Mais avec le mouvement révolutionnaire de 2011 et le départ de Ben Ali, la politique la rattrape : elle siège au sein du bloc Ennahda sur les bancs de l’Assemblée constituante de 2011 à 2014, prend la tête de la commission sur les droits de l’Homme et les libertés, et se taille à cette occasion une réputation de moralisatrice.
Son passage sur l’antenne de la radio Monte Carlo Doualiya [qui appartient à France Media Monde, aux côtés de RFI et France 24], en novembre 2011, a fait sa réputation et provoqué l'indignation chez les défenseurs des droits de l'Homme. E lle déclarait alors que les libertés doivent être "encadrées par les coutumes, les traditions et le respect des bonnes mœurs", et illustre son propos en dénonçant les mères célibataires qui "ne devraient pas aspirer à un cadre légal qui protège leurs droits".
Des propos "sortis de leur contexte", explique-t-elle aujourd’hui, dans son bureau orné de ses diplômes et de photos de ses enfants. Elle assure s'être excusée et avoir depuis mûri et gagné en expérience politique. "C'est une responsabilité difficile", reconnaît-elle, mais "je suis prête".
Souad Abderrahim revendique des "idées libérales et réformatrices", en lien avec la volonté d'Ennahda de se transformer en parti "musulman démocrate". "Mes orientations sont d'appuyer tout ce qui est en relation avec la citoyenneté, renforcer l'unité du peuple tunisien", énonce-t-elle. Un observateur de la vie politique tunisienne estime "qu'elle n'est pas là par opportunisme, elle a toujours défendu le programme d'Ennahdha à l'Assemblée constituante". C'est "une femme de conviction" qui a "une certaine acuité politique", poursuit-il, "mais elle n'est pas prête à aller n'importe où avec Ennahda, elle tient à son indépendance – elle défend leurs idées tant qu'elle y croit".

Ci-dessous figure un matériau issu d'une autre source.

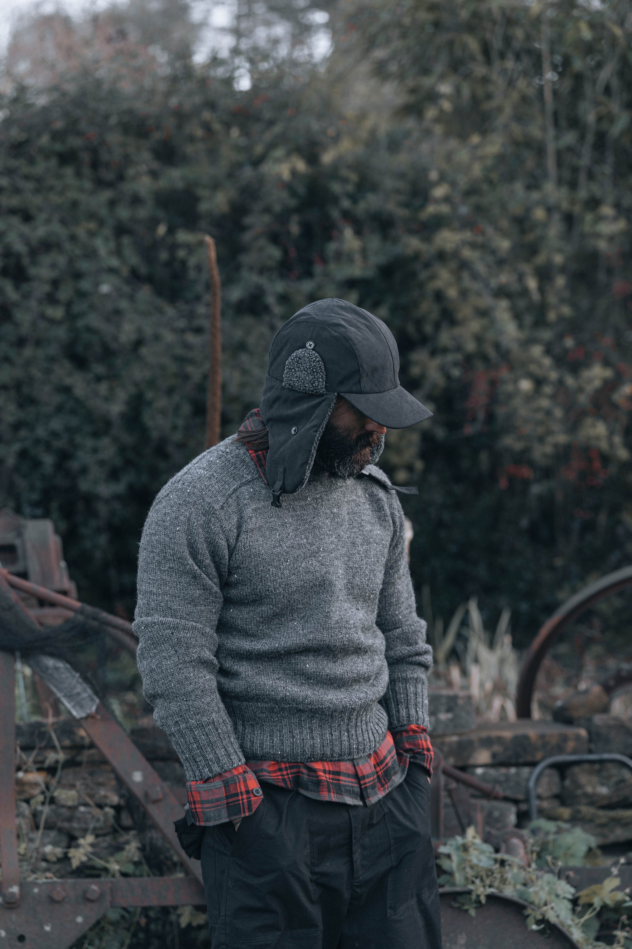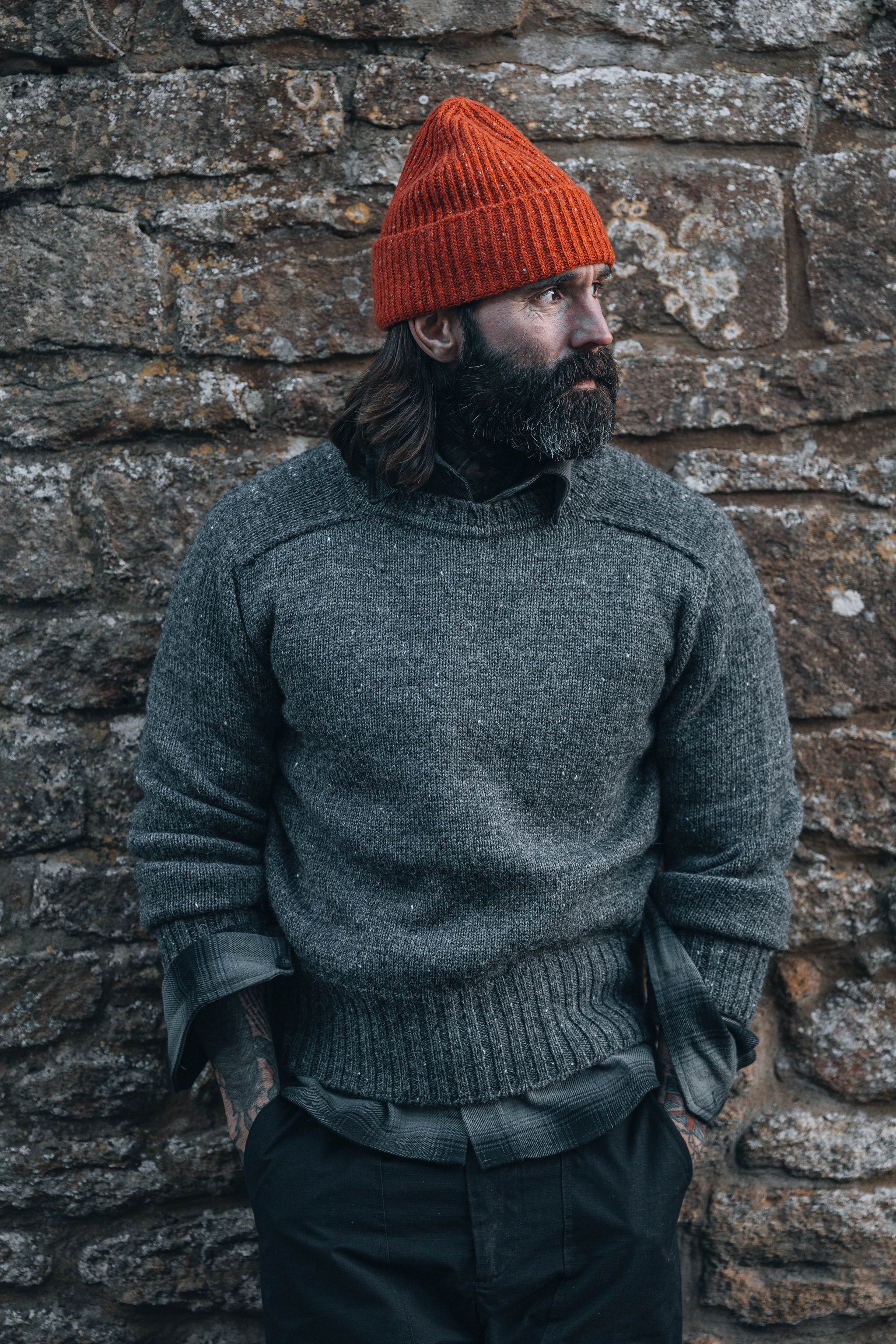 The Mountain Sweater is based on early 20th Century climbing sweaters. Made in a rugged looking Grey Nepp flecked yarn, it is updated in a cropped fit, and has enhanced comfort by using saddle shoulders & no side seams.
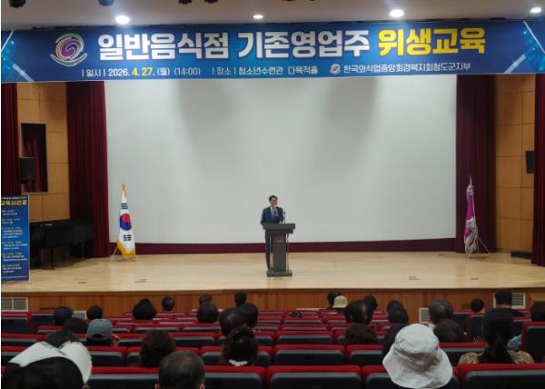 청도군은 27일 청소년수련관 다목적홀에서 2026년도 일반음식점 기존 영업주 위생교육을 실시했다.
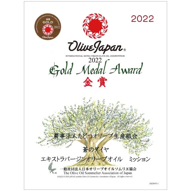 OLIVE JAPAN 国際オリーブオイルコンテストにて金賞を受賞している、 国産のエキストラバージンオリーブオイルです。

Et à ceux qui accusent Souad Abderrahim, forte de son parcours de femme active, non-voilée, de servir de vitrine au parti islamiste et de rassurer les électeurs modérés, un ancien collègue à l’Assemblée, Nawfal Jemmali, rétorque sur Jeune Afrique : "Elle n’a pas gagné parce qu’elle porte ou non un voile, elle a gagné parce qu’elle a fait une bonne campagne et qu’elle est compétente. Son parcours le prouve."
Première étape pour asseoir son pouvoir, Souad Abderrahim devra sceller les termes du "consensus", ce mariage arrangé entre Ennahda et le parti présidentiel Nidaa Tounès qui fonctionne au niveau gouvernemental, et qui est indispensable pour trouver une majorité absolue à l’échelle de la municipalité de Tunis. Quitte à devoir céder la place si les partis en décident ainsi.